В течение двух лет дела римлян шли все хуже и хуже. Многие подвластные им города отложились. Только в 152 г. Марцелл одержал несколько успехов и в 151 г. заключил почетный для римлян мир. Явившийся на смену Марцеллу новый римский главнокомандующий возобновил, однако, войну без всякого повода со стороны испанцев. В течение 161—150 гг. он жестоко расправился с жителями нескольких городов, выразивших покорность, и потерпел серьезные неудачи в битвах — вообще в этой войне римляне действовали в открытом поле столь неудачно и бесславно, а в сношениях с противниками так вероломно и бессовестно, как никогда.

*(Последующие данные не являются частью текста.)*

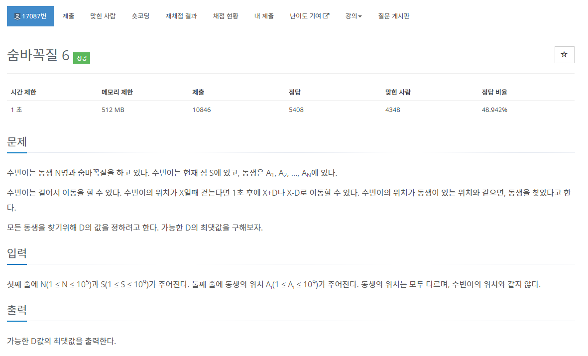 첫째 줄에 N(1 ≤ N ≤ 105)과 S(1 ≤ S ≤ 109)가 주어진다. 둘째 줄에 동생의 위치 Ai(1 ≤ Ai ≤ 109)가 주어진다. 동생의 위치는 모두 다르며, 수빈이의 위치와 같지 않다.
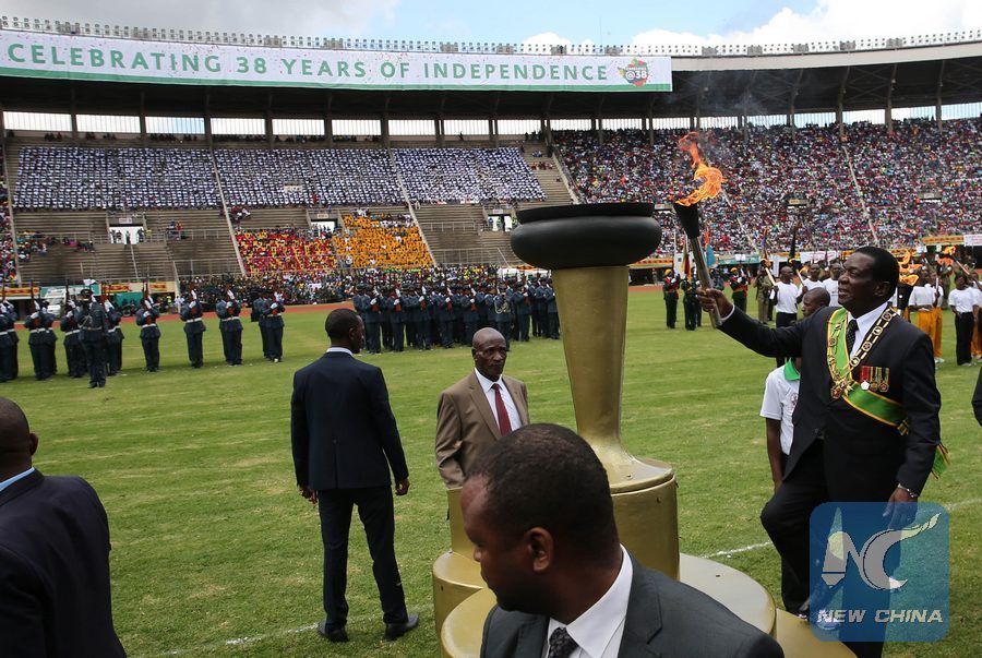 HARARE, April 19 (Xinhua) -- Zimbabwean President Emmerson Mnangagwa on Wednesday led the nation in commemorating the 38th independence anniversary, five months after he took over power from former President Robert Mugabe.

В 149 г. возникли у Рима затруднения в Македонии и началась последняя борьба с Карфагеном, это заставило римлян ослабить свои силы в Испании, у лузитан же появился в это время необыкновенно талантливый вождь Вириаф. Он выдвинулся тем, что своими умными распоряжениями спас значительные силы лузитан, попавшие в весьма затруднительное положение, затем он сумел оживить мужество

127

своих соплеменников и нанес римлянам целый ряд серьезных поражений. По мере успехов Вириафа разгоралась у испанцев надежда освободиться от чужеземного владычества, и всё новые племена присоединялись к лузитанам. Вириаф был провозглашен царем. В новом сане он сохранил свою энергию, свою храбрость и осторожность и жил по-прежнему как простой солдат. Он сражался всегда в первых рядах, последним отходил на отдых и даже спал, говорят, не иначе как в полном вооружении. В течение целых семи лет он успешно боролся против римлян, несколько частных его неудач вполне искупались для него двумя крупными победами, причем в одном сражении был взят в плен римский главнокомандующий и затем казнен. Наконец в 141 г. сенат заключил с Вириафом мир, признав его самостоятельным царем. Однако уже в следующем году, сосредоточив значительные силы, римляне снова начали войну. Вириаф был захвачен врасплох, с трудом избег серьезных поражений и вынужден был согласиться на мир менее выгодный. Неудачи и колебания Вириафа ослабили энтузиазм его сподвижников, римляне успели подкупить троих из приближенных героя, и они изменнически убили его ночью. Войско решило продолжать борьбу, но новый избранный вождь оказался человеком невыдающимся, лузитане потерпели полное поражение, и провинция, так долго боровшаяся против Рима, возвращена была в подданство.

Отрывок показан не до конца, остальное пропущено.